I (Trudy) hold my real estate broker’s license. As such, if I were to go into a property with a view to list it, naturally real estate agents will form an opinion about the condition of the property, and it is our job to encourage the seller to complete the seller’s disclosure to avoid being included in any lawsuits a buyer may attempt later. The problem is, I am very aware of my incompetence to identify property issues or coverups. I just looked at a property 3 days ago that the owner is personally renovating. It looked good to me, but that owner – who is considering selling after he restores it, shared with me that when he purchased it, while no issues were disclosed to him at the time of purchase, in doing his own inspection he discovered serious electrical issues that could easily have triggered a fire and total property devastation, as well as plumbing issues. He has spent almost a year working on the property himself, because he can only do it part time, but there were some issues he realized he just had to call in an expert on. So using this example, I want to dissect this case and ask you a couple of questions today:
With every property, eventually the wear and tear, and care leads to normal and sometimes unusual conditions that make the property less than appealing. Rather than restore the property, many choose to sell, but of course, those challenges also cause the property value and resell value to deteriorate and that might create an incentive to sellers to hide the problem
The following are the Property Maintenance questions Dennis answered on air.
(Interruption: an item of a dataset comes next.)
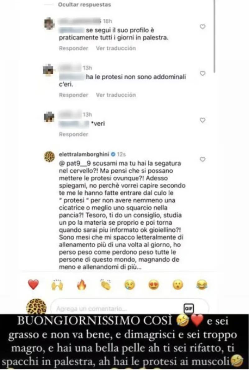 Oltre alle accuse di essersi sottoposta all'intervento chirurgico noto come “Brazilian Butt Lift”, per rendere più prosperoso il lato b, un utente sui social ha attaccato Elettra Lamborghini sostenendo che si sia rifatta anche gli addominali.

Please listen to the recording to hear what he shared.
1. So, you were a court expert witness in a seller’s disclosure cover up case. Without giving any identifying details of the case, can you say what was the problem covered, how was it covered up, could the average property inspection have caught it, and what did it cost the homeowners once they discovered it?
2. Some property owners decide to venture into the diy approach to property maintenance. For some, it is a money saving decision, and for others, who truly enjoy the tinkering and taking on new challenges, they enjoy the process. Let’s speak to that for a moment:
3. In general, when is it ok to tackle a project yourself, and when is it wise to seek professional invovlement?
4. In ignorance, property owners may install or fix something that should require a permit to be pulled even if they will do the work themselves. Is there a way to know when they should pull a permit before they start?
5. I know the caveat emptor (buyer beware) law has changed a bit, especially in the state of Florida, from the emphasis on buyer beware to a stronger emphasis on the seller’s disclosure and consequences for deliberately covering up known issues, but how difficult is it to prove the seller deliberately covered up a known issue?
6. So, moving past the property acquisition issues, holding the property will automatically come with common maintenance issues. What are some of those? and what is the consequence of ignoring them?
7. If the owner is going to do as many repairs on their own, let’s talk tools. What are the most basic tools they should plan on aquiring and what about those big ticket items, are there any resources for those?
8. Many vendors who are out there on properties doing rehab or maintenance work, and some of them encounter challenges they cannot handle. I know you have been a go-to consultant for many of them. What is the value of having a consultant like yourself as a part of their resources for getting through projects? (speak about your ability to understand the question, ask more for clarity, and even their use of video chat to help you help them navigate the issue.)
9. What about Home Depot courses? Also mention Youtube.
10. Is there anything else property owners or those doing projects themselves should know?